News

Protestors say police raid on Occupy S.F. encampment 'imminent'

Occupy SF protesters said on their website Thursday that they

believe a police raid on their encampment in San Francisco's Justin Herman Plaza is imminent.

Demonstrators have been camping at the plaza at the foot of Market Street for several weeks, and the encampment had grown to about 200 tents as of the city's last count on Wednesday.

The size of the encampment, as well as deteriorating sanitary

conditions there, led Mayor Ed Lee and other city officials to meet with members of Occupy SF on Wednesday to discuss their concerns.

Upon leaving the meeting, Lee said he would give the protesters

"the immediate opportunity to demonstrate" that they could meet the city's demands to clean up the encampment "and then we'll see what happens."

In a post on the group's website, www.occupysf.com, campers said those comments "implied that a raid was likely."

On its Twitter feed, the group posted a voicemail that it said was

from the secretary for Mohammed Nuru, director of the Department of Public Works.

The speaker on the voicemail said the city was "going to declare

the whole area a health disaster, and everybody's going to have to go."

DPW spokeswoman Gloria Chan said the Department of Public Health declared the encampment a public health nuisance Thursday, and that DPW officials had again told them they were in violation of city regulations.

She said she had no other information about any potential police

action.

Police spokesman Sgt.
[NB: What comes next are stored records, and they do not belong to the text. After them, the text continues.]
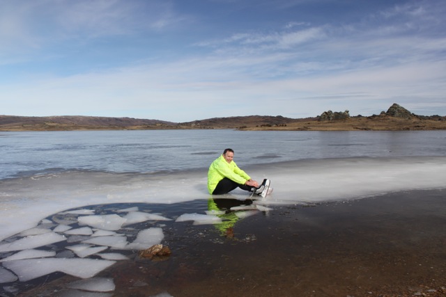 | Thick enough ice on all three basins, good skating on lower and upper basin. Hard but slightly bumpy ice due to melted snow but can be rough in middle basin. Great skate from the pier to upper basin BUT the neck is dodgy. You can walk around or bum over the rock. Would be great in the early morning frost. Water showing near rocks - and as usual take care! It too cold for a swim! | |
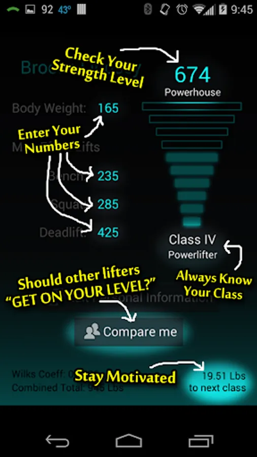 At the moment the app is very basic with no online connectivity. Eventually the app will enable each lifter to create an account for online ranking and to add friends to keep up with competition.
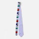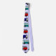 Esta gravata tem um design de caminhões e ônibus novidade em vermelho, azul, verde e marrom em um campo de azul claro.
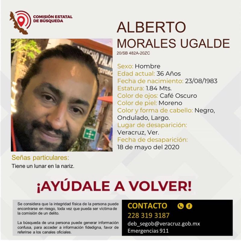 Uno de los que no se sabe su paradero es Alberto Morales Ugalde, quien tiene 36 años de edad, mide 1.84 metros, es de ojos café oscuro, tez morena, cabello ondulado, largo y tiene un lunar en la nariz.
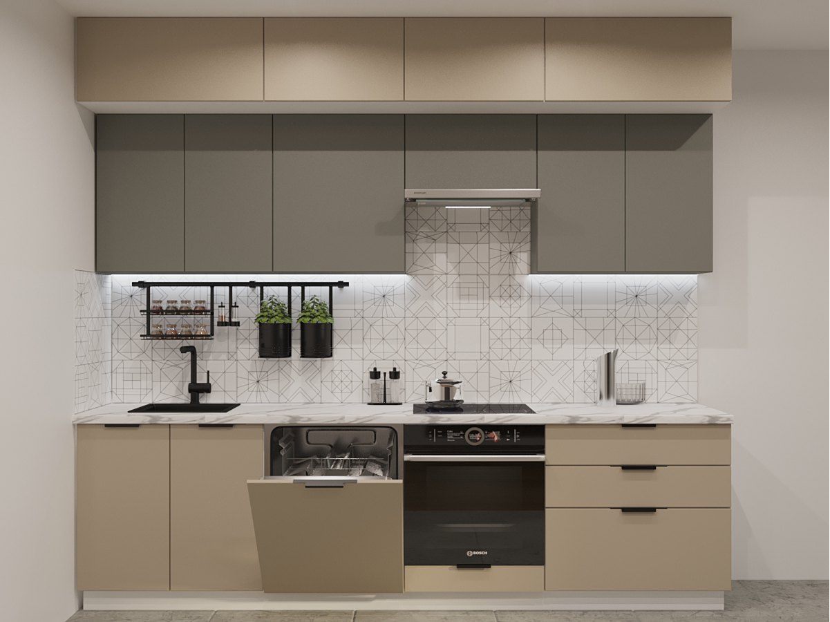 - Кухонный гарнитур арт 16 Фаска Обсидиан Пикрит 2800 мм
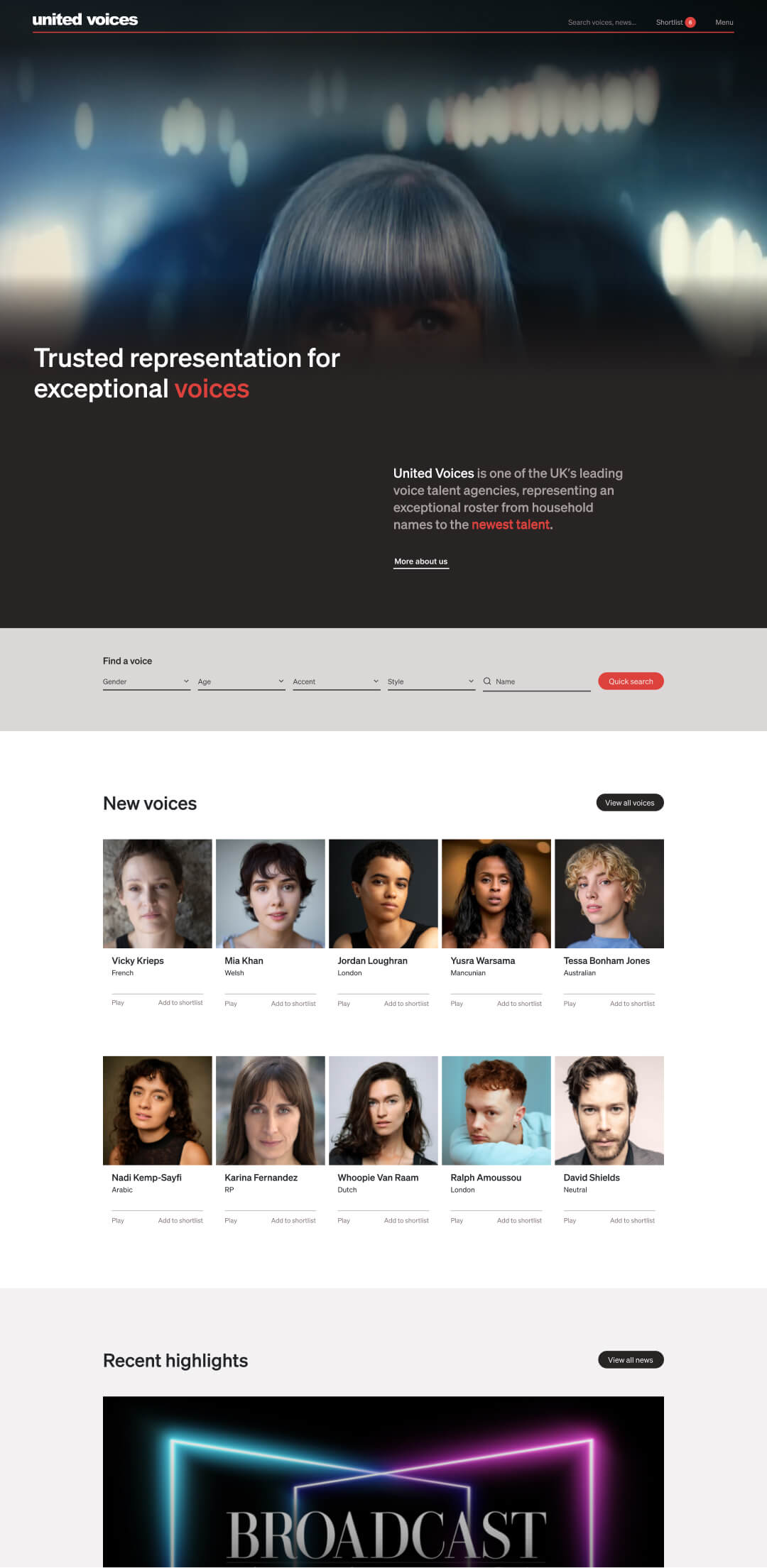 Through a recommendation, the United Agents team approached us to help with a new site for them and sister agency United Voices. They had previously attempted to move from 15-year-old Drupal sites to lacklustre rebuilds that were too AI-dependant and wasn’t capable of handling the complexity of migrating such a large site, before going back to Drupal again.
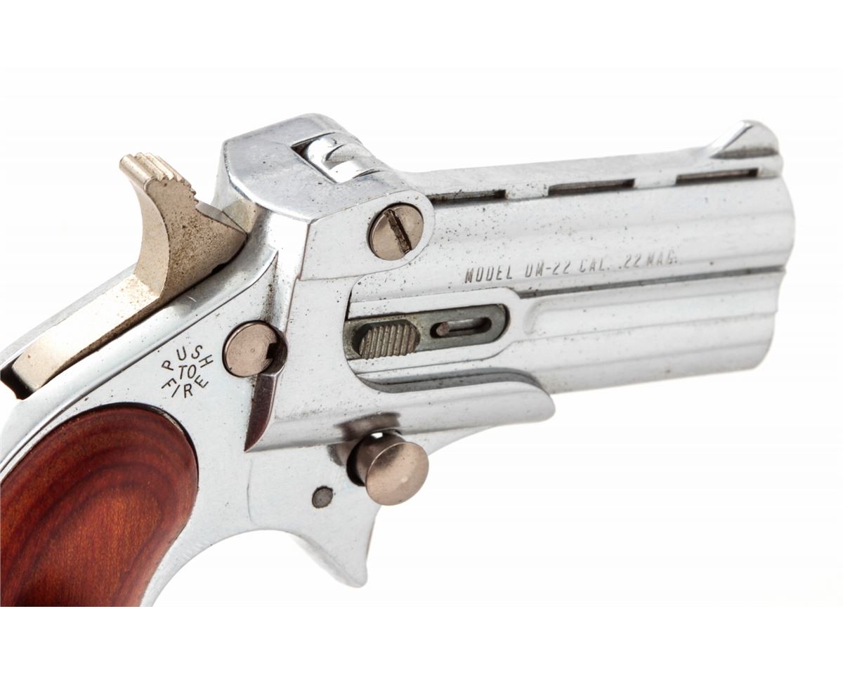 Lot of Four (4) Misc. Modern/C&R Project Guns: (1) Davis Model DM-22 Over/Under Derringer, #128916, .22 mag. cal., 2-1/4'' barrels, chrome finish, laminated wood grips. Condition is very good. Barrel latch needs repair. (2) Beretta Model 3032 Tomcat Semi-Automatic Pistol, #DAA085096, .32 ACP cal., 2-3/8'' barrel, matte finish, with checkered plastic grips and one magazine. Condition is good, appears to be complete but disassembled. (3) H&R 922 Double Action Revolver, #119997, .22 LR cal., 6'' barrel, blue finish, checkered walnut grips. Condition is fair retaining approx. 7% thinning and toning blue. Replacement front sight. Broken or missing trigger return spring, as well as several internal springs. Great for project or parts. (4) Single Shot Big Horn Arms Pistol, #000535, .22 Short cal., 7'' barrel, blue finish, molded simulated wood plastic grips. Condition is good, appearing complete, with broken plastic top rib. Est.: $225-$450/lot. (Modern)
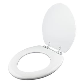 Este Assento Sanitário é produzido com base em MDF, camada de espuma macia e revestimento em vinil plástico brilhante. É muito macio e confortável. A ferragem é metálica em alumínio anodizado e não enferruja.
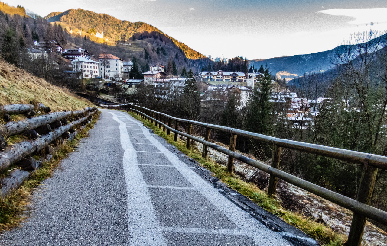 Explanation: The word solstice is from the Latin for Sun and to pause or stand still. And in the days surrounding a solstice the Sun's annual north-south drift in planet Earth's sky does slow down, pause, and then reverse direction. So near the solstice the daily path of the Sun through the sky really doesn't change much. In fact, near the December solstice, the Sun's consistent, low arc through northern hemisphere skies, along with low surface temperatures, has left a noticeable imprint on this path to the mountain town of Peaio in northern Italy. The morning frost on the road has melted away only where the sunlight was able to reach the ground. But it remains in the areas persistently shadowed by the fence, tattooing in frost an image of the fence on the asphalt surface.
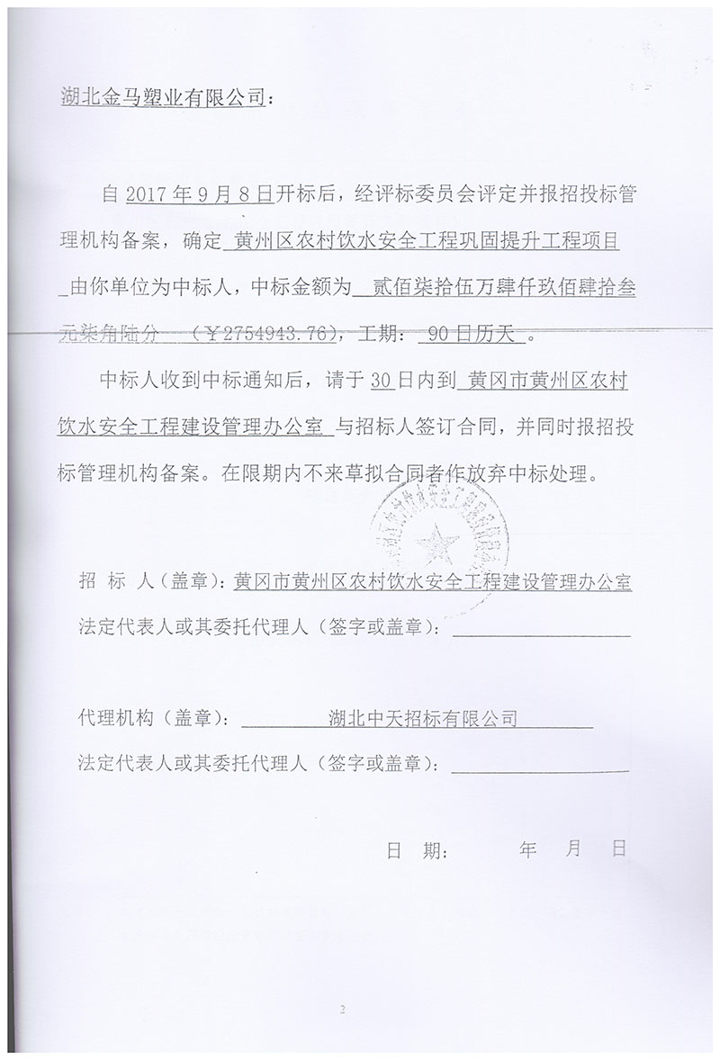 公司新聞 網(wǎng)站首頁 > 公司新聞 黃州區(qū)農(nóng)村飲水安全工程鞏固提升工程項目 2021-03-24 閱讀 118688 上一篇: 祝賀金馬塑業(yè)中標通城縣大坪水廠改擴建工程管材采購及安裝項目 下一篇: 祝賀金馬塑業(yè)中標湘陰縣2018年農(nóng)村飲水安全環(huán)保督察項目

Mike Andraychak said he is not aware of any imminent action, saying "there's nothing new on our end."

On its website, Occupy SF also cited the police action early

Wednesday morning to dismantle 15 tents that had been set up as an ancillary camp along the first block of Market Street as a sign that there will be a raid at the main camp soon.

Police said Wednesday those tents had to be removed to maintain an adequate amount of walking space on the sidewalk.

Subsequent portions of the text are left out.